He knew it was going to be close without checking on the Official World Golf Ranking math, and it was. Even with a late invitation to the Hero World Challenge in the Bahamas, where he finished 15th, Horschel slipped out of the top 50 in the world by the end of the year.
He goes into 2026 without an invitation to the Masters, and with no regrets that he didn’t add another tournament to try to assure being top 50 by the end of the year.
“Before Utah, I was thinking about playing Bermuda and Cabo (Mexico),” Horschel said at the Sony Open. “But I got what I needed out of my three events. I was trying to get back into the groove of things, see where my game was.”
And now?
“I’m betting on myself,” said Horschel, who has until the Houston Open to get back into the top 50. “My wife is always very honest. She said, ‘If you miss the Masters, and don’t qualify for The Players, you need to make sure you’re not second-guessing yourself.’ You make your decision, you make your bed.

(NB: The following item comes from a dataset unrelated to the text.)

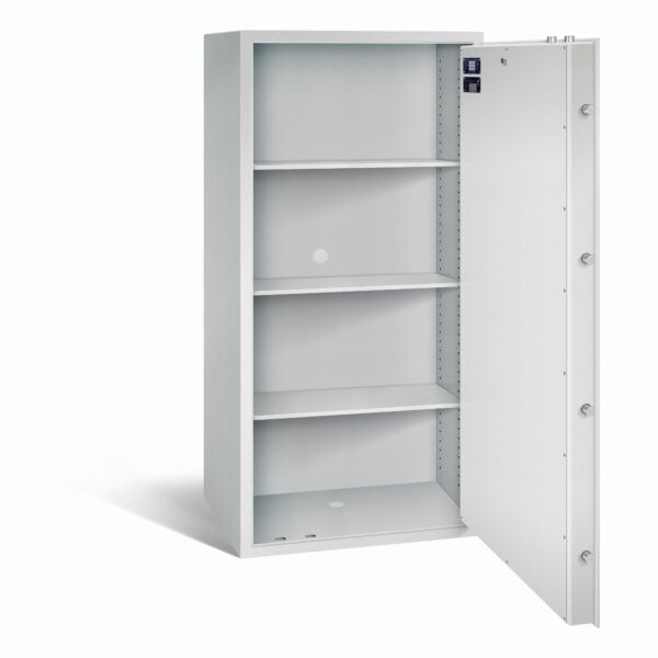 - Der Tresor ist mit einem Notverriegelungssystem versehen und das Schloss ist speziell bohrgeschützt.

If I don’t make The Players or Masters, I’m not going to say I should have played.”
Horschel recalls a similar predicament at the end of 2023 when he was No. 63. He got off to a slow start and failed to reach the Masters. But he was willing to go to an opposite-field event in the Dominican Republic a week after the Masters. He won that, was runner-up at the British Open, won the BMW PGA Championship in England and ended the year at No. 16.